Schwamendingen teste un système d’attribution des logements basé sur des critères culturels

Un nouveau complexe immobilier comprenant 154 logements coopératifs doit voir le jour dans la Wallisellenstrasse, à Zurich-Schwamendingen. Ce cas illustre à quel point il peut être délicat de concilier logements abordables, identité culturelle et règles d'attribution sur un marché tendu.

juin 2026

À Zurich-Schwamendingen, un nouveau projet immobilier coopératif inhabituel se profile. Sur la Wallisellenstrasse, la coopérative de construction Zentralstrasse souhaite remplacer son lotissement actuel et porter le nombre d’appartements de 76 aujourd’hui à 154. Le site est déjà considéré comme temporaire jusqu’à la construction du nouveau bâtiment. Ce qui fait débat, ce n’est pas tant la densification urbaine que la question de savoir dans quelle mesure un tel projet peut lier l’attribution des logements à une communauté culturelle.

L’objectif du projet est double : créer davantage de logements abordables et offrir un lieu fixe à la diaspora rhéto-romane de Zurich. L’« Ambassada Rumantscha Turitg » est une association déjà existante qui devrait servir de point d’ancrage culturel. Les informations accessibles au public indiquent que le quartier de la Wallisellenstrasse est de toute façon sur le point de connaître des bouleversements majeurs. La ville de Zurich considère depuis longtemps cette zone comme un espace de développement situé entre Oerlikon et Schwamendingen.

Une densification accompagnée d’une question délicate
Du point de vue du secteur immobilier, le projet constitue dans un premier temps une reconstruction de remplacement typique : ancien parc immobilier, densité plus élevée, davantage de logements, de nouveaux espaces ouverts et un concept d’urbanisation plus viable à long terme. À Schwamendingen, cette transformation est visible depuis des années. Avec la revalorisation du quartier autour de l’Überlandpark et de la Wallisellenstrasse, la pression sur les anciens parcs immobiliers abordables s’accentue encore davantage. C’est précisément pour cette raison que la logique sociale de la location devient la véritable pierre de touche.

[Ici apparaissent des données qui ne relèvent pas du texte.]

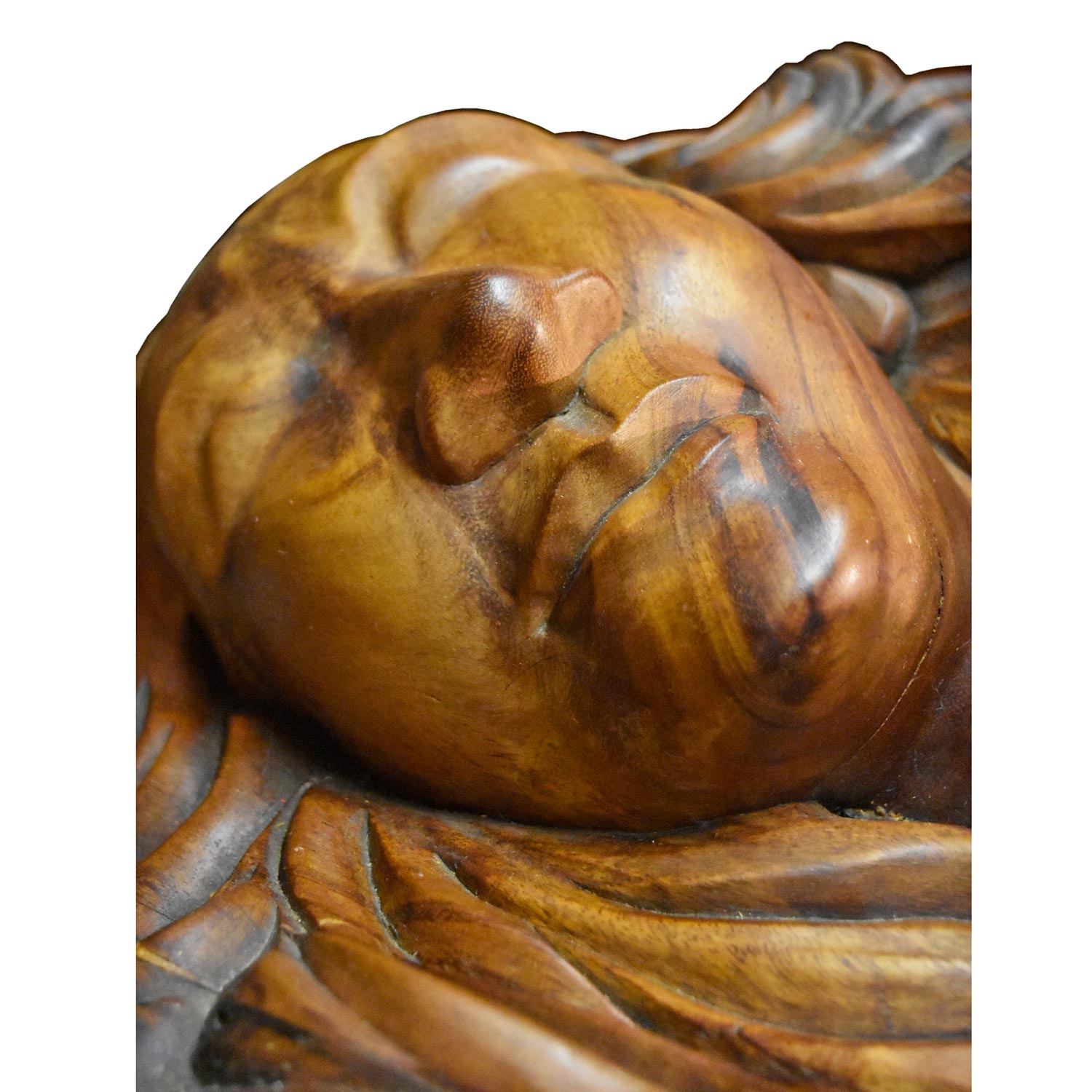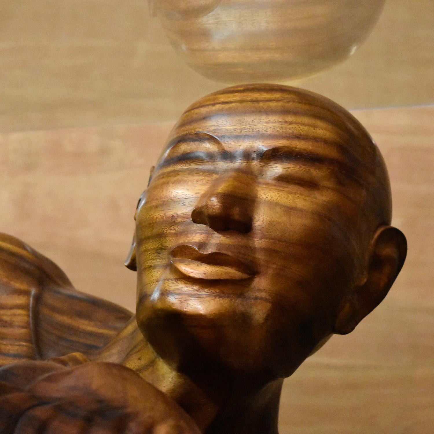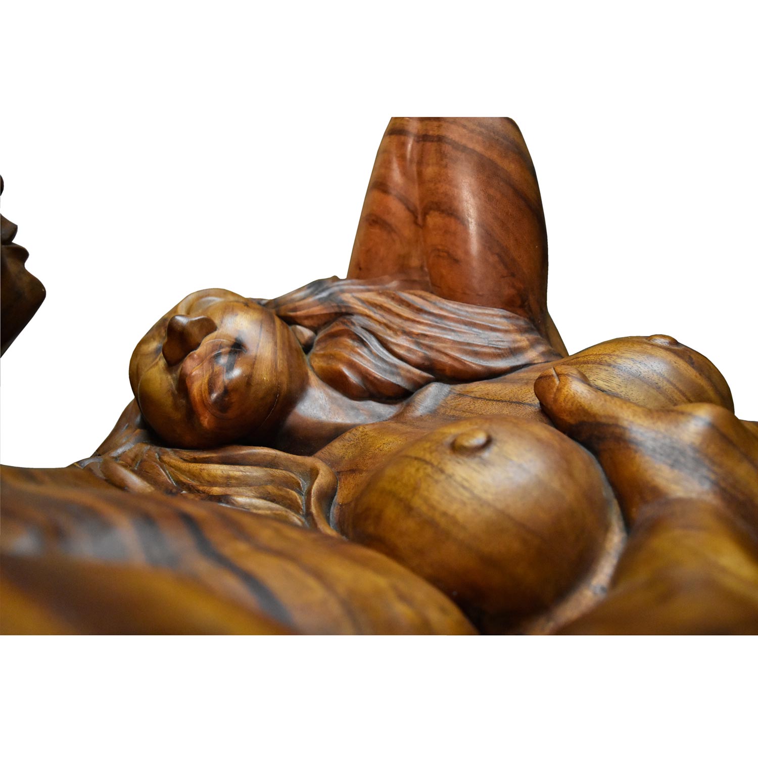 Masterfully hand carved from what must have been a colossal solid piece of monkey pod hardwood. This nude figural sculpture weighs around 250 lbs. Although our photos are an adequate representation, the authentic real life presentation of this work of art is truly jaw dropping.

La question fait débat : faut-il dans un premier temps publier les annonces de location en romanche afin de les diffuser de manière ciblée au sein de la communauté rhéto-romane ? Une telle présélection serait délicate tant sur le plan politique qu’en matière de politique du logement. Les coopératives sont autorisées à affiner leur profil et à utiliser les espaces communs conformément à leur programme. Cependant, plus le marché est tendu, plus on vérifie minutieusement si un nouveau projet immobilier d’utilité publique est attribué de manière ouverte, transparente et conforme à la mission de promotion.

Le site s’inscrit depuis longtemps dans un vaste projet de réaménagement
. Quant à l’emplacement lui-même, le projet s’inscrit dans une évolution bien connue. Le plan d’urbanisme de la ville prévoit depuis des années une profonde transformation architecturale de la Wallisellenstrasse. Parallèlement, les documents de la coopérative indiquent que le lotissement de la Wallisellenstrasse Sud n’est plus exploité que pour une durée limitée, jusqu’à la construction du nouveau bâtiment de remplacement. Cela laisse penser que la rénovation est bel et bien en cours de préparation, même si, d’après les informations accessibles au public, aucune décision définitive n’a encore été prise concernant le calendrier, les procédures d’autorisation et les règles de location définitives.

Schwamendingen devient ainsi un cas d’essai concret. Ce projet peut montrer comment il est possible de concilier infrastructure culturelle et logement d’utilité publique sans susciter de soupçons quant à des pratiques d’attribution fermées. Pour Zurich, il s’agit de bien plus qu’une question de niche. Sur un marché où la pénurie de logements est chronique, on attend non seulement des logements supplémentaires, mais aussi de la transparence quant à savoir qui en bénéficiera au final.